RESOLVED, that effective December 27, 2002, AmSouth Bank and Surgical Laser
Technologies, Inc. hereby declare and certify by the signatures indicated below,
that Article V, Section 5.08, more specifically subparagraphs (1), (2) and (6)
thereof, the contents of which as represented in these subparagraphs and as
found on pages 14 and 15 of the Loan Agreement dated May 31, 2000, regarding the
Borrower's affirmative covenants in reporting requirements, should be amended
and restated as follows, having already been amended by a First Amendment dated
as of February 20, 2002; by a Second Amendment dated as of June 27, 2002; by a
Third Amendment dated as of February 27, 2003; and by a Fourth Amendment dated
as of February 27, 2003:

     SECTION   5.08(1) ANNUAL FINANCIAL STATEMENTS

     As soon as available and in any event within seventy-five (75) days after
the end of each fiscal year of PhotoMedex, Inc., the parent company of the
Borrower and its Subsidiaries, balance sheets of the parent company as of the
end of such fiscal year and statements of income and retained earnings of the
parent company for such fiscal year, and statements of changes in financial
position of the parent company for such fiscal year, all in reasonable detail
and stating in comparative form the respective figures for the corresponding
date and period in the prior fiscal year and all prepared in accordance with
GAAP consistently applied, and as to the consolidated statements accompanied by
an opinion thereon acceptable to the Bank, and with accompanying consolidating
schedules, reviewed by the accountants, showing the balance sheet and statement
of income of the Borrower and its Subsidiaries, to the end that such schedules
may be used to establish the compliance of the Borrower and its Subsidiaries
with the financial covenants set forth in Article VII, saving and excepting for
the fiscal year ended December 27, 2002 of the Borrower and its Subsidiaries, in
which case the accompanying consolidating schedules, reviewed by the
accountants, shall show the balance sheet of the Borrower and its Subsidiaries
at the end of its fiscal year, before giving effect to such adjustments as may
be necessitated by the purchase made by PhotoMedex, Inc. of the Borrower and its
Subsidiaries; and the statement of income of the Borrower and its Subsidiaries
up to but not including consummation of the purchase made by PhotoMedex, Inc. of
the Borrower and its Subsidiaries;

     SECTION   5.08(2) QUARTERLY FINANCIAL STATEMENTS.
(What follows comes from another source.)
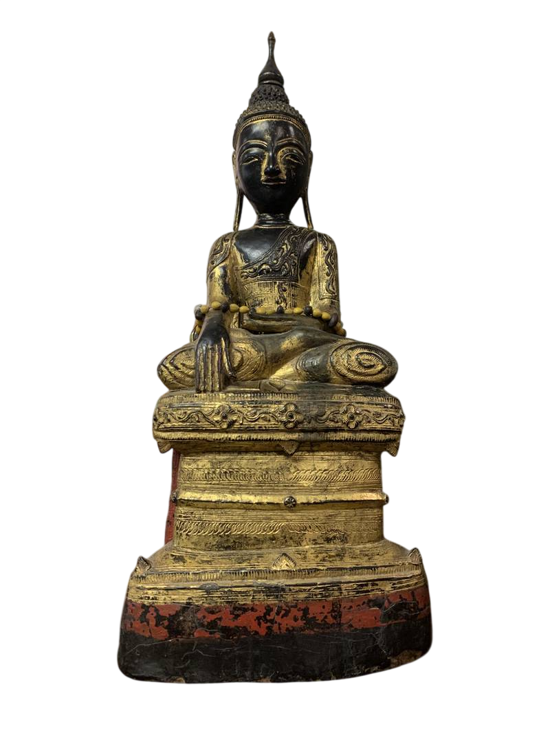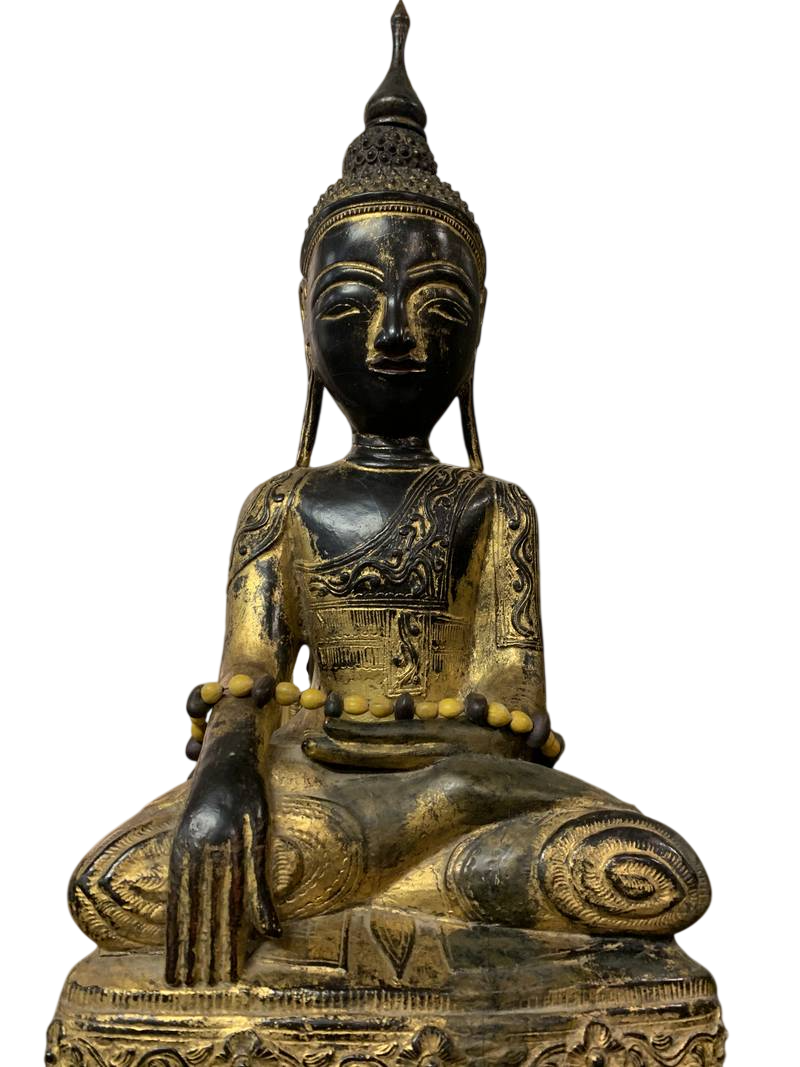 Scultura orientale lignea Budda orientale seduto dorato in patina Birmania

     As soon as available and in any event within forty-five (45) days after the
end of each the first three fiscal quarters of PhotoMedex, Inc., the parent
company of the Borrower, balance sheets of the parent company as of the end of
each such quarter and statements of income and retained earnings of the parent
company for the period commencing at the end of the previous fiscal year and
ending with the end of such quarter, and statements of changes in financial
position of the parent company for the portion of the fiscal year ended with the
last day of such quarter, all in reasonable detail and stating in comparative
form the respective figures for the corresponding date and period in the
previous fiscal year and all prepared in accordance with GAAP consistently
applied and certified by the chief financial officer of the parent company



(subject to year-end adjustments); and with accompanying consolidating
schedules, showing the balance sheet and statement of income of the Borrower and
its Subsidiaries, to the end that such schedules may be used by the Bank to
monitor the financial performance of the Borrower and its Subsidiaries;

     SECTION   5.08(6) ACCOUNTANT'S REPORT.
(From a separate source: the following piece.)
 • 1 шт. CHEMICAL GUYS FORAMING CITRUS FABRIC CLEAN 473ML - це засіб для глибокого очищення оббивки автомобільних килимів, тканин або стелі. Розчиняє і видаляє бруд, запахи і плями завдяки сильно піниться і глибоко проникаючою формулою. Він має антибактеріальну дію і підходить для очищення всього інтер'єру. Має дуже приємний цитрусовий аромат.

     Simultaneously with the delivery of the annual financial statements
referred to in Section 5.08(1) and the accompanying schedules, a certificate of
the independent public accountants who audited such statements to the effect
that, in making the examination necessary for the audit of such statements and
the review of the accompanying schedules, they have obtained no knowledge of any
condition or event which constitutes a Default or Event of Default, or if such
accountants shall have obtained knowledge of any such condition or event,
specifying in such certificate each such condition or event of which they have
knowledge and nature and status thereof, saving and excepting for the fiscal
year ended December 27, 2002 of the Borrower and its Subsidiaries, in which case
such certificate shall be based on the accompanying consolidating schedules,
reviewed by the accountants, which shall show the balance sheet of the Borrower
and its Subsidiaries at the end of its fiscal year, before giving effect to such
adjustments as may be necessitated by the purchase made by PhotoMedex, Inc. of
the Borrower and its Subsidiaries; and the statement of income of the Borrower
and its Subsidiaries up to but not including consummation of the purchase made
by PhotoMedex, Inc. of the Borrower and its Subsidiaries;

Accepted and Agreed as of this 27th day of February, 2003.

AmSouth Bank                                Surgical Laser Technologies, Inc.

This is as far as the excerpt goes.